Data entries.
——————

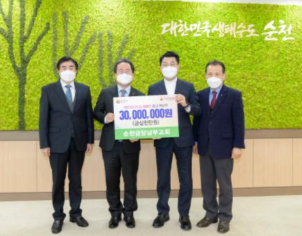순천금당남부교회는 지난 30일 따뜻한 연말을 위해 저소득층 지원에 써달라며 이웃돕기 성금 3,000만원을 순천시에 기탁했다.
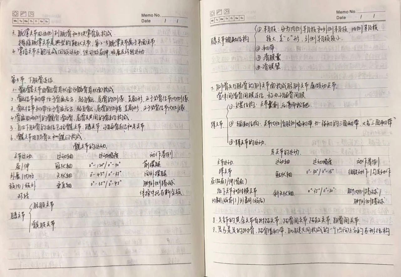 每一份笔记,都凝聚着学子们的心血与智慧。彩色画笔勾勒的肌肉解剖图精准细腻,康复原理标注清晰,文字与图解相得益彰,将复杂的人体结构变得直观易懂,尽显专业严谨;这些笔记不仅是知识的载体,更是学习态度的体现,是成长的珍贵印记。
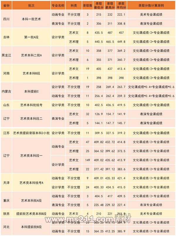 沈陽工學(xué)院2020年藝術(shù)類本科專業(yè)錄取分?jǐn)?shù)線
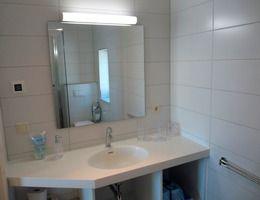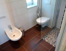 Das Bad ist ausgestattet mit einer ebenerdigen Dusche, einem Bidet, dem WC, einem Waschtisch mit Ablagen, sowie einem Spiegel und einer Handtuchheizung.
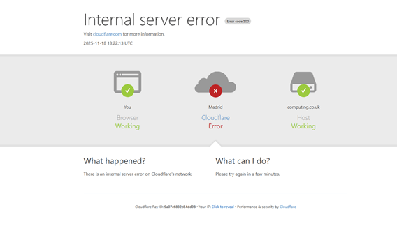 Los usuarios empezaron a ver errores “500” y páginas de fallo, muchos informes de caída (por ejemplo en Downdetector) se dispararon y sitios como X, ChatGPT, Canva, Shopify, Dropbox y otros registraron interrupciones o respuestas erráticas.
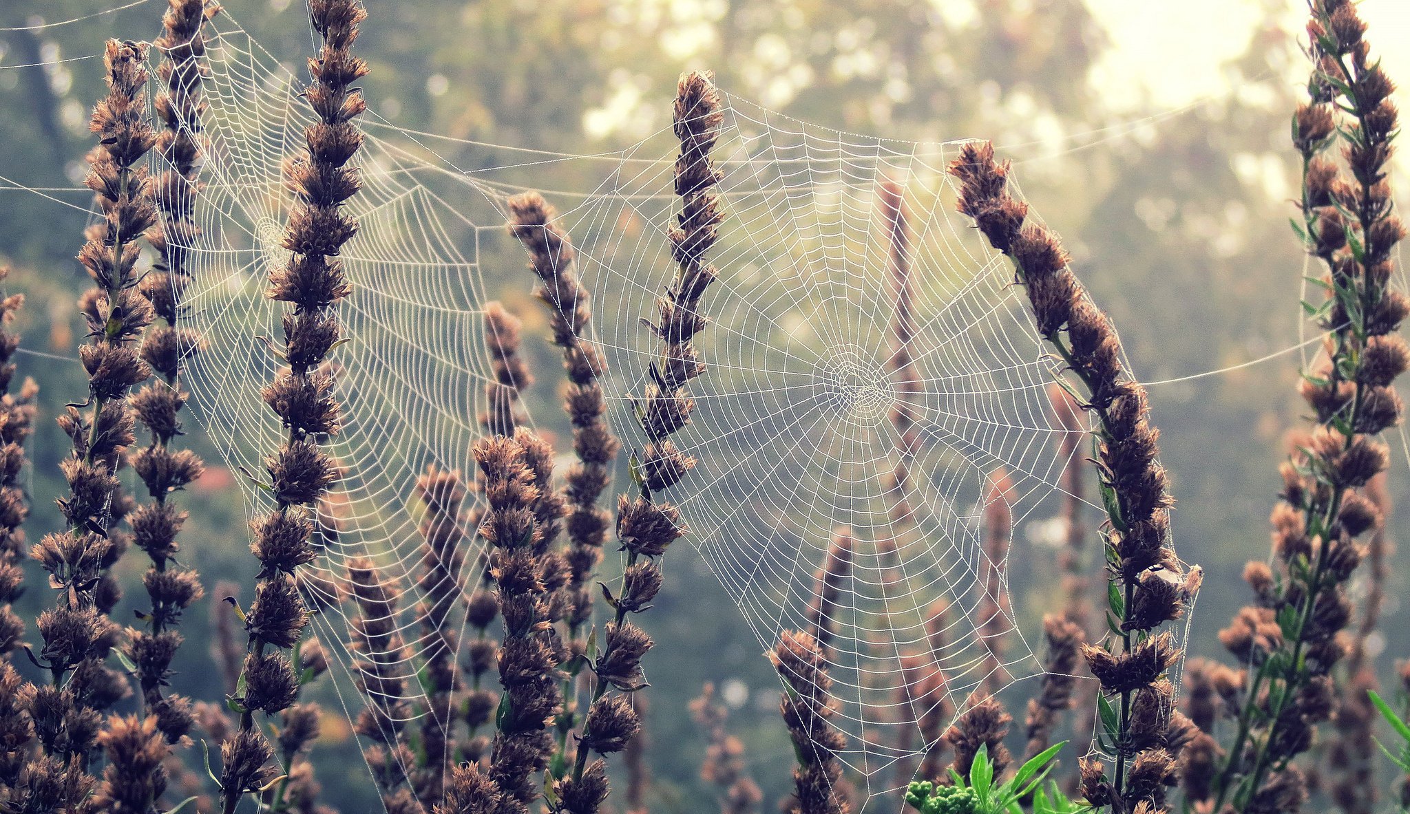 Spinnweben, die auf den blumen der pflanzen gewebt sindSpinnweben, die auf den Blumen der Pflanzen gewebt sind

——————

WORK INSTRUCTIONS. Restate the records in full and word for word, but keep the pictures out.

FINISHED EXERCISE.
순천금당남부교회는 지난 30일 따뜻한 연말을 위해 저소득층 지원에 써달라며 이웃돕기 성금 3,000만원을 순천시에 기탁했다.
 每一份笔记,都凝聚着学子们的心血与智慧。彩色画笔勾勒的肌肉解剖图精准细腻,康复原理标注清晰,文字与图解相得益彰,将复杂的人体结构变得直观易懂,尽显专业严谨;这些笔记不仅是知识的载体,更是学习态度的体现,是成长的珍贵印记。
 沈陽工學(xué)院2020年藝術(shù)類本科專業(yè)錄取分?jǐn)?shù)線
 Das Bad ist ausgestattet mit einer ebenerdigen Dusche, einem Bidet, dem WC, einem Waschtisch mit Ablagen, sowie einem Spiegel und einer Handtuchheizung.
 Los usuarios empezaron a ver errores “500” y páginas de fallo, muchos informes de caída (por ejemplo en Downdetector) se dispararon y sitios como X, ChatGPT, Canva, Shopify, Dropbox y otros registraron interrupciones o respuestas erráticas.
 Spinnweben, die auf den blumen der pflanzen gewebt sindSpinnweben, die auf den Blumen der Pflanzen gewebt sind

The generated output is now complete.